= Timothy Speyer =

British actor

Timothy Speyer (born 4 May 1968 in Bromley, South East London) is a British actor, most notable for his stage work.

==Life and career==
Speyer trained at GSA (The Guildford School of Acting) and graduated in 1994 as winner of the Max Adrian Cup. He has since worked and toured, with appearances at virtually every regional touring theatre in the UK, as well as at The National Theatre, The RSC, Shakespeare's Globe and in London's West End. He has worked with the theatre director Sir Peter Hall, appearing in Hall's 2007 production of Pygmalion at the Theatre Royal Bath and on tour (with Tim Pigott-Smith), his 2008 production of The Vortex at the Apollo Theatre in the West End (with Felicity Kendal) and, most recently, in his 2010 production of A Midsummer Night's Dream at the Rose Theatre Kingston (with Judi Dench). Later that year he joined the cast of the Olivier award-winning West End production of The 39 Steps at the Criterion Theatre, for which he was voted "Best featured Actor in a Play" in the first ever Broadway World West End Theatre Awards.

In 2011 he joined the Royal Shakespeare Company for their 50th Anniversary season, appearing in three plays; Cardenio (Shakespeare's lost play re-imagined), The City Madam and A Midsummer Night's Dream. The 2011 Stratford season officially opened the newly reconstructed Royal Shakespeare Theatre in Stratford-Upon-Avon. In early 2012 he is to make his debut at The National Theatre on London's South Bank, appearing as Sir Charles Marlow in She Stoops to Conquer by Oliver Goldsmith.

Other theatre credits include: The Merry Wives of Windsor at Shakespeare's Globe, Great Expectations at The Manchester Library Theatre and Pygmalion at the 2009 Hong Kong Arts Festival(with Rachael Stirling).
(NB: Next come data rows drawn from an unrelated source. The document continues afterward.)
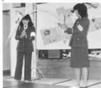
さては南京玉すだれ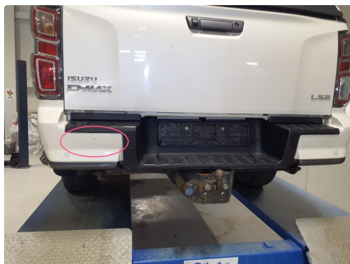
1.3 Merke i fanger flekket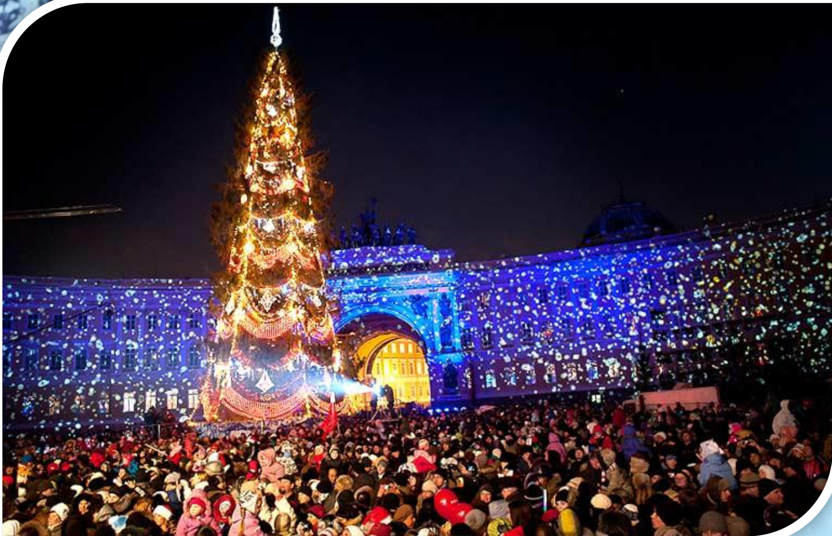
Новогодние гуляния в новогоднюю ночь на Дворцовой площади.

Speyer's television/film appearances include: the BBC series The Impressions Show with Culshaw and Stephenson, Shakespeare Unlocked (BBC), The Hutton Enquiry (BBC), Wind up TV (BBC), The Clap (Break Thru Film), Mystery Man (ITV), Crime Monthly Casebook (ITV / London Weekend), Londoners (Besta Film), The Exchange (BBC), Blue Peter (BBC), Newsnight(BBC) and The Hanging Tree Channel 4, as well as appearances in television commercials. In September 2022, he portrayed Colin Brewer in an episode of the BBC soap opera Doctors.